The manually fine-tuned regression models between the NDVI data of all four sensors and the total soluble solids showed different degrees of accuracy depending on the fitted model, the sensor used and the growth stage evaluated [16]. The best-fitting regressions, both linear and nonlinear, were observed mainly for UAV and Spectrosense + GPS data, in mid-late season with full canopy growth, during pea-sized berries and at the Véraison growth stage. The best-fitting model was found to estimate total soluble solids during Véraison, with a coefficient of determination R² in the range of (0.38 < R² < 0.61) for both 2019 and 2020. The highest coefficient of determination for the regression models (R² = 0.61) was observed for the UAV-derived NDVI data for 2020, while for 2019 the canopy reflectance data derived from the CropCircle and Spectrosense + GPS proximal sensors appeared to have better performance in predicting grape quality traits. When using AutoML, the R² values improved slightly to (0.49 < R² < 0.65) for both 2019 and 2020. Similar to the manually fine-tuned ML, AutoML gave the maximum coefficient of determination of R² = 0.65 for the UAV-derived NDVI data for 2020 during Véraison and R² = 0.57 for the Spectrosense + GPS data for 2019. Finally, the RMSE is generally reduced when using AutoML. The selected best results of the AutoML regression algorithms compared to the manually fine-tuned algorithms for the evaluation of grape quality attributes are shown in Table 2.

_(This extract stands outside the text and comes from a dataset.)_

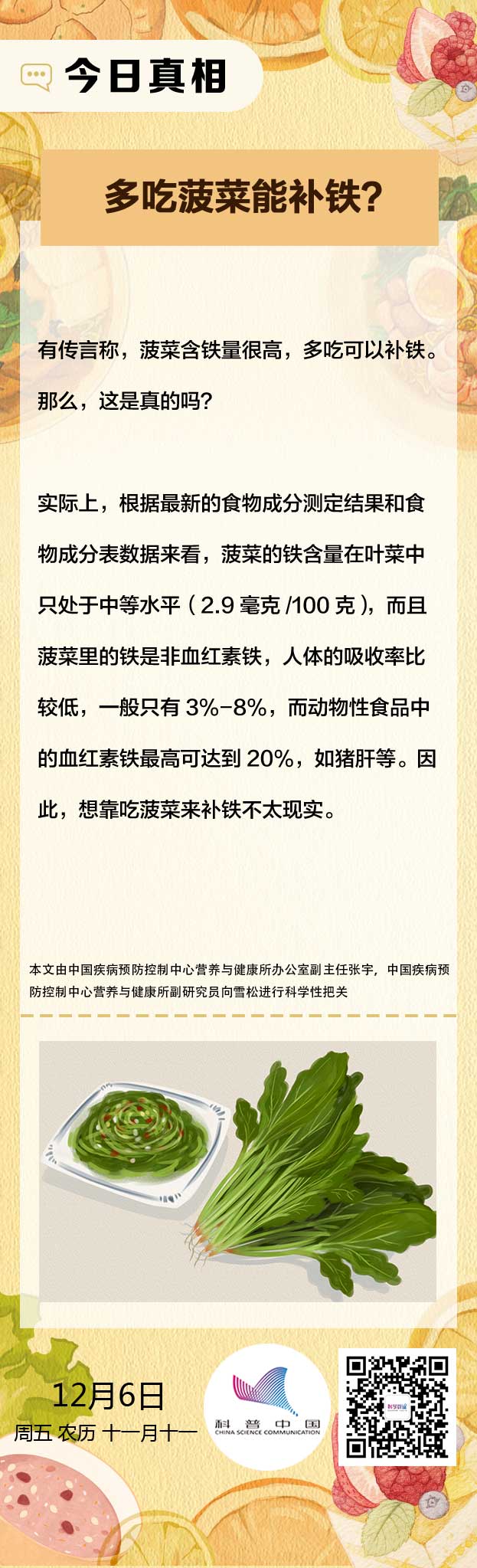 根据最新的食物成分测定结果和食物成分表数据来看,菠菜的铁含量在叶菜中只处于中等水平(2.9毫克/100克),而且菠菜里的铁是非血红素铁,人体的吸收率比较低。

3.2.2. Combination of Sensors and Growth Stages

Using AutoML, several combinations of sensors and growth stages per year were investigated to evaluate their performance in assessing grape quality attributes. The coefficient of determination R² of 0.57 to 0.66 for the two years was significantly better than when only one sensor/growth stage was considered. For 2019, the best fitting regressions (R² = 0.58) were observed for Spectrosense + GPS NDVI data in combination with the other sensors (CropCircle, UAV and Sentinel-2) mainly during Véraison. On the other hand, for 2020, the best fitting regressions (R² = 0.66) for UAV NDVI data in combination with the other sensors (CropCircle, Spectrosense + GPS and Sentinel-2) were observed mainly during Véraison, but also during Flowering. The selected best R² per year for combined sensors and growth stages using AutoML to evaluate their performance in assessing grape quality traits are shown in the following table (Table 3).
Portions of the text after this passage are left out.